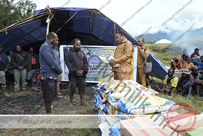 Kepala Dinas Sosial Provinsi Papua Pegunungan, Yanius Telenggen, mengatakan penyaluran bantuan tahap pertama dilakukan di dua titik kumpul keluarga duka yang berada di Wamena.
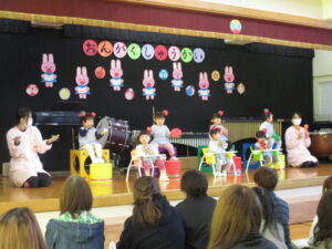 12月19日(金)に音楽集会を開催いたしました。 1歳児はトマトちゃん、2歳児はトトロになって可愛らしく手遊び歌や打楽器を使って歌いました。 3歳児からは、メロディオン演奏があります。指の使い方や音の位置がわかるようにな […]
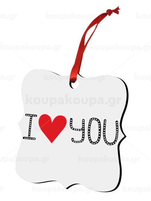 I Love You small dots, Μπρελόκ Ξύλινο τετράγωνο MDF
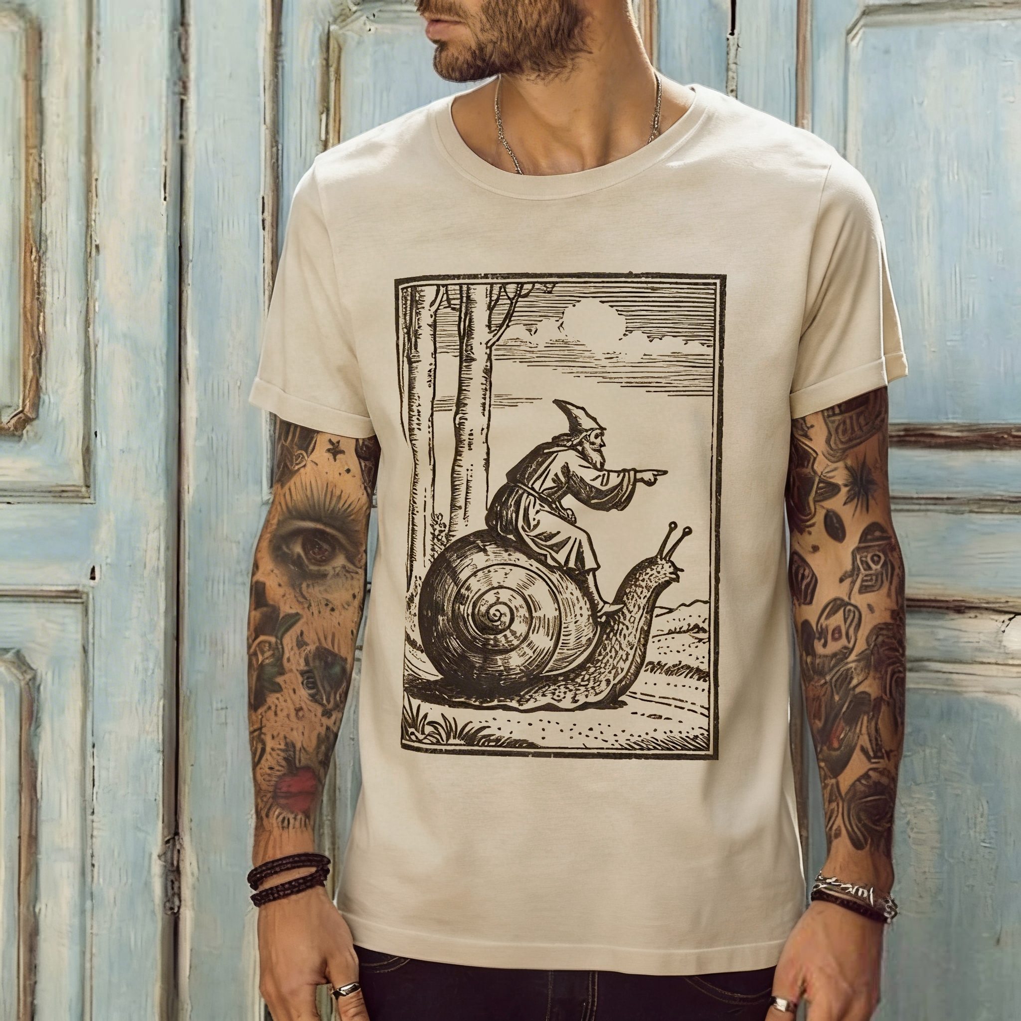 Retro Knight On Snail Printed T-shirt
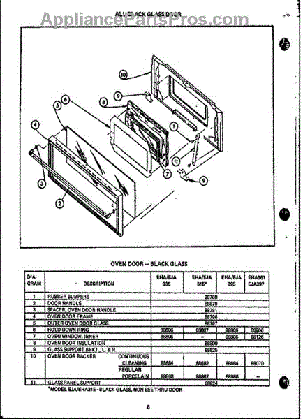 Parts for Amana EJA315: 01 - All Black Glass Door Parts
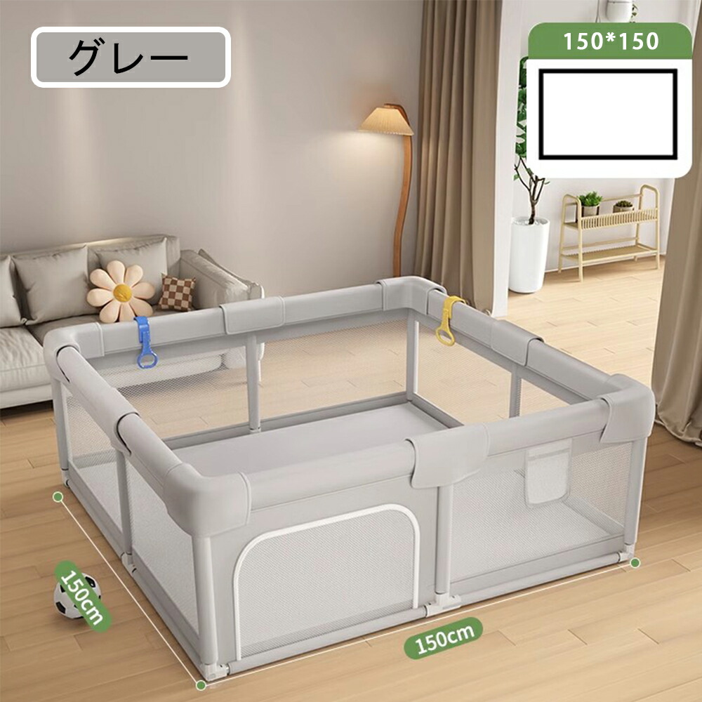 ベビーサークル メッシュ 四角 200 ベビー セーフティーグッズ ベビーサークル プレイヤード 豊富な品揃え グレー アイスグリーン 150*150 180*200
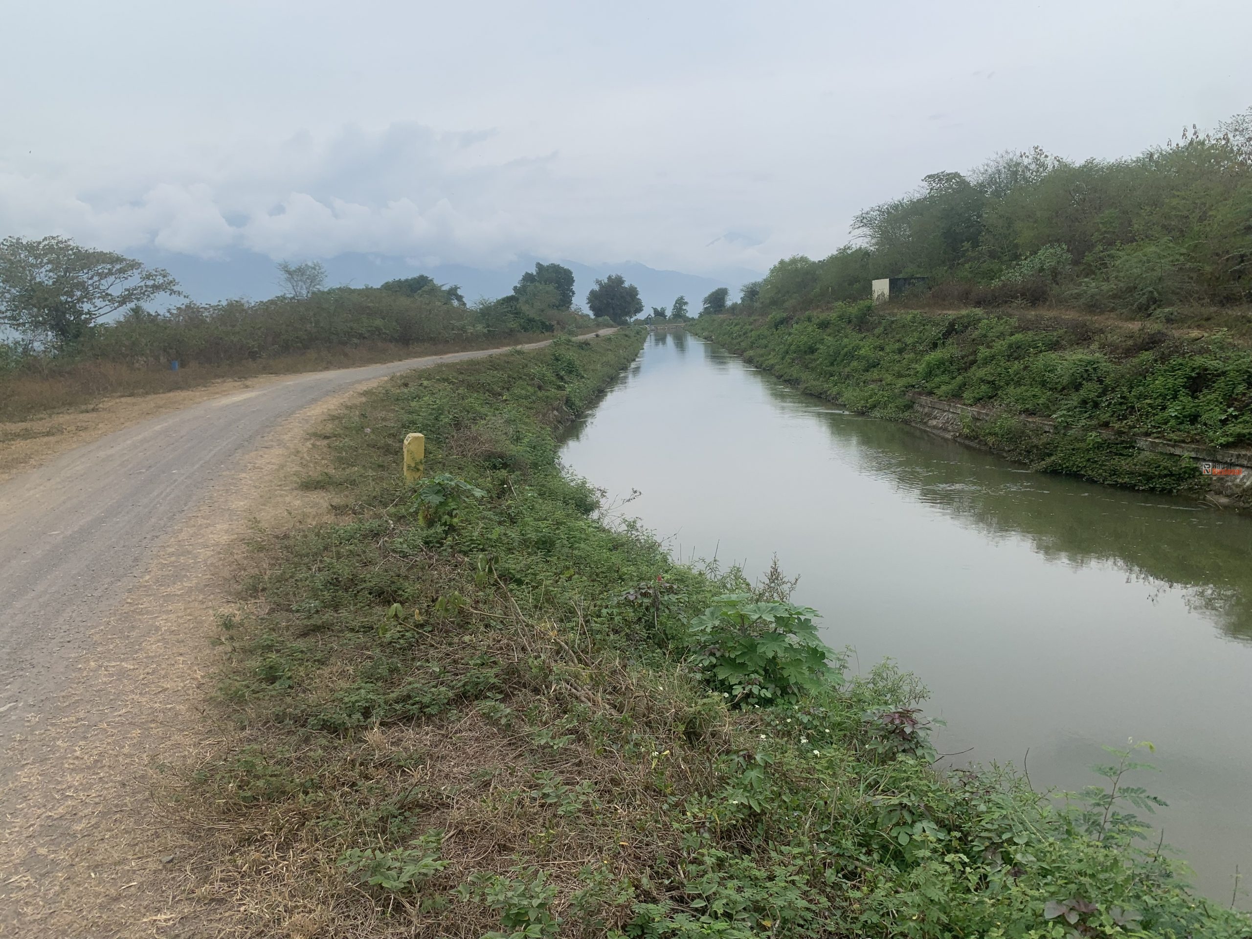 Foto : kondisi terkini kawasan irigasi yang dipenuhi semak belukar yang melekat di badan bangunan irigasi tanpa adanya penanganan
==
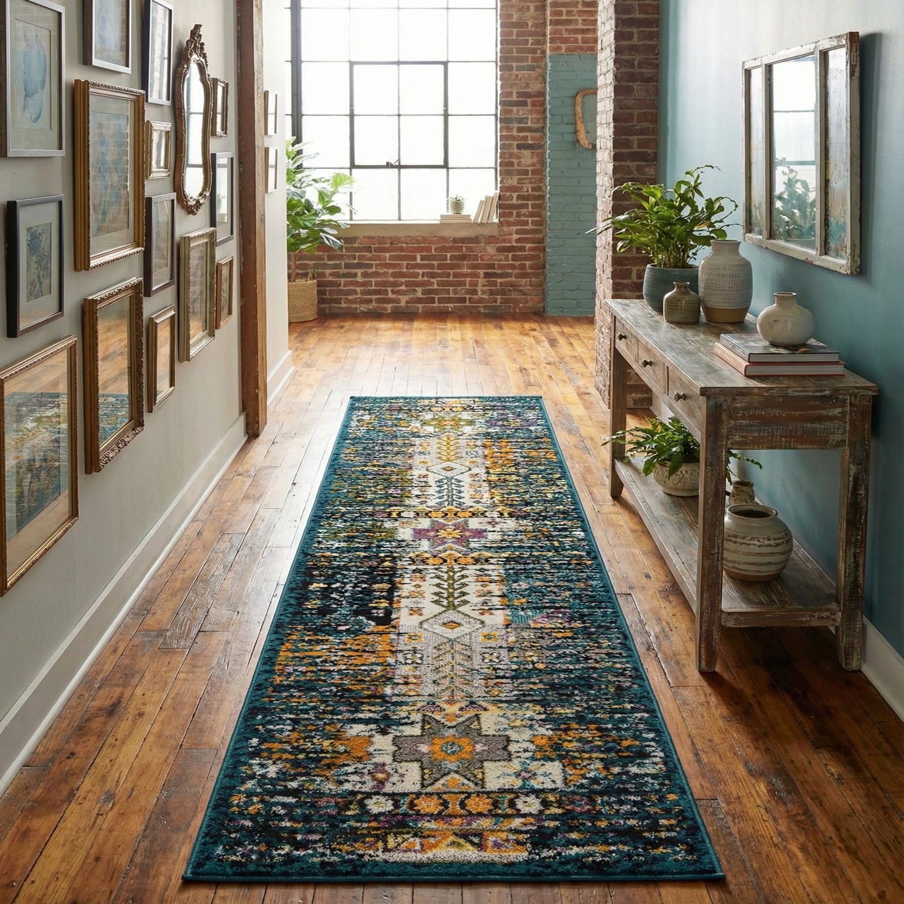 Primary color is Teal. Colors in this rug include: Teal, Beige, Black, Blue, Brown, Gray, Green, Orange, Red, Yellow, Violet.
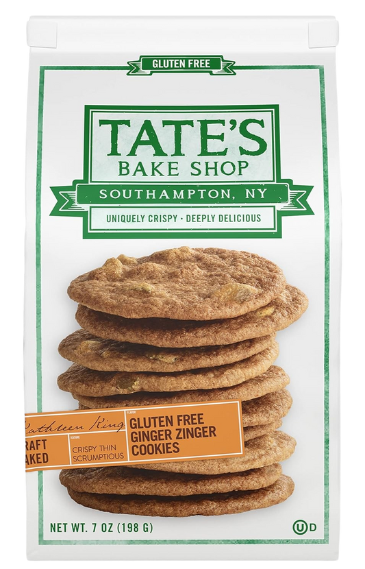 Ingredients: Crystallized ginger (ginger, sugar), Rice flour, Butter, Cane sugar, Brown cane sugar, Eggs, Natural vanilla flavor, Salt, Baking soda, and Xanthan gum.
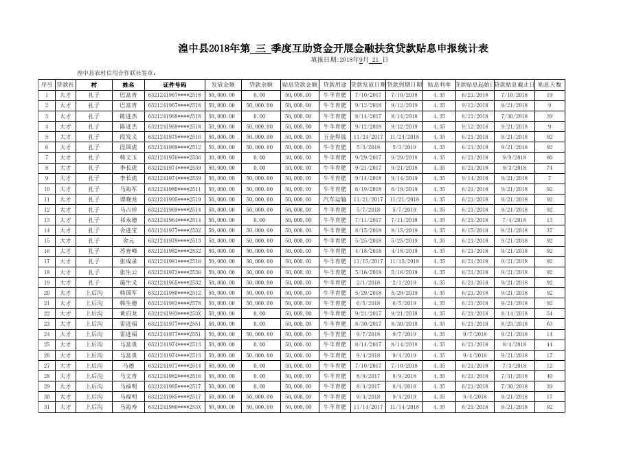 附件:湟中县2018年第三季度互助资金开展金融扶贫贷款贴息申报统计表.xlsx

ABOUT THIS EXERCISE: Leaving all pictures out, output exactly the lines of the material above from the line with "I Love You small" to the line with "Foto : kondisi", both included.

RESPONSE TO THIS TASK:
 I Love You small dots, Μπρελόκ Ξύλινο τετράγωνο MDF
 Retro Knight On Snail Printed T-shirt
 Parts for Amana EJA315: 01 - All Black Glass Door Parts
 ベビーサークル メッシュ 四角 200 ベビー セーフティーグッズ ベビーサークル プレイヤード 豊富な品揃え グレー アイスグリーン 150*150 180*200
 Foto : kondisi terkini kawasan irigasi yang dipenuhi semak belukar yang melekat di badan bangunan irigasi tanpa adanya penanganan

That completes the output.